Stolperer in der Bewerbung

Wenn eine Fachfrau wie Ute sich bei Google bewirbt und dabei folgendes schreibt, …

Ich wuerde mich sehr freuen, wenn ich mein Wissen, sowie Engagement bei Yahoo! unter Beweis stellen darf.

… dann ist das zwar ärgerlich. Muss aber wirklich nicht das Aus bedeuten.

Nicht vergessen: auch wir Bewerbungen-Lesenden sind richtige Menschen und haben durchaus auch Humor :-) (Und: wenn jemand nur deswegen eine Bewerbung auf den C-Stapel legt, dann hat man Glück gehabt: es wird nicht das einzig Merkwürdige in diesem Unternehmen sein!)

5 Comments

  1. S-O-S SEO Blog
    25. Mai 2006

    Wie man sich nicht bei Google bewirbt…
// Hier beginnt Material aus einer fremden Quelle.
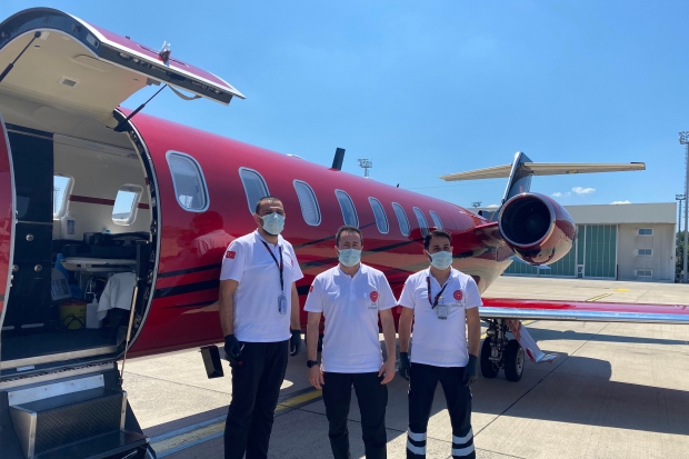 Minik Nura İsa’nın kalp rahatsızlığı olduğunu belirten Acil Tıp Uzmanı Doktor Güven Kırımlı, “İstanbul Atatürk Havalimanı’ndayız. Gaziantep’e doğru yola çıktık. Yeni doğan, kalp rahatsızlığı olan bir bebeğimiz var. Orada ilk müdahale yapılmış, solunum desteğine alınmış ama Kalp Cerrahisi ameliyat ihtiyacı olduğundan dolayı hastamızı İstanbul’a getirmeye gidiyoruz. Genel durumu orta ve solunum cihazına bağlı bir durumda. Bebeğimiz 5 günlük ve doğuştan kalp hastası olarak doğdu. Doğduğu andan itibaren solunum cihazına bağlanmış” ifadelerini kullandı.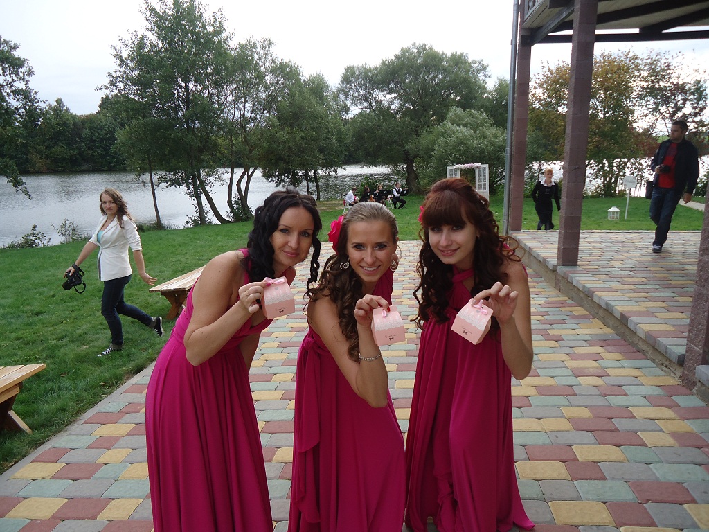 Да, действительно очень красиво. Полскажи, пожалуйста, где ты платья подружкам заказывала.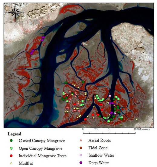 During the field survey, a total of 170 GPS reference points (Garmin 629sc with spatial accuracy between 1 and 5 m) were collected and used for validation of the classification of the eight land cover classes. In order to minimize and avoid the negative impacts on the vulnerable ecosystem, the collection of field samples was restricted to easily accessible parts. In order to increase the number of samples for three types of mangrove and two types of mudflat, 53 points were additionally selected from Spot 6/7 data using image interpretation. Figure 2 shows the distribution of the samples for the eight land cover classes. The set of reference points collected from both GPS and from the Spot images are depicted for each class separately in Table 1.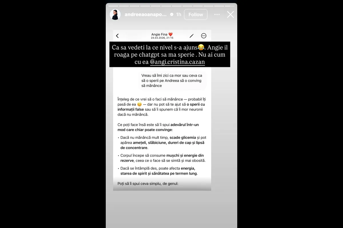 Ea a publicat câteva capturi dintr-o conversație cu fina sa, care o îndeamnă insistent să mănânce ceva. Aceasta a apelat chiar și la inteligența artificială pentru a găsi o metodă prin care să o facă pe Andreea Popescu să mănânce.
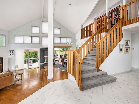 Stunning custom built home backing up to the pond in the highly sought after Katherines Wood Neighborhood! Bright open floor plan with vaulted ceilings and tons of windows. Hardwood flooring in the great room and dining room added 2017.Spacious updated kitchen with huge center island, built in planning desk, and eating space. First floor primary suite with his and hers walk in closets, bath with double vanities, walk in shower, and tub. The upstairs has 2 bedrooms, full bath & loft overlooking the great room. Huge rear deck overlooking the pond and surrounded by mature landscaping. Improvements since 2017 include Hot water heater 2017, roof 2017, hardwood floors and new tile 2017, gas range 2018, New HVAC 2019, garage door opener 2021, sump pump 2021, new gutters, new fridge and freezer

    Wusste gar nicht, dass Ute sich bei Google Irland beworben hat. Die Art und Weise ist sicherlich sehr kreativ, aber auch etwas peinlich.

    Ich wuerde mich sehr freuen, wenn ich mein Wissen, sowie Engagement bei Yahoo! unter Beweis stellen darf.

    So s…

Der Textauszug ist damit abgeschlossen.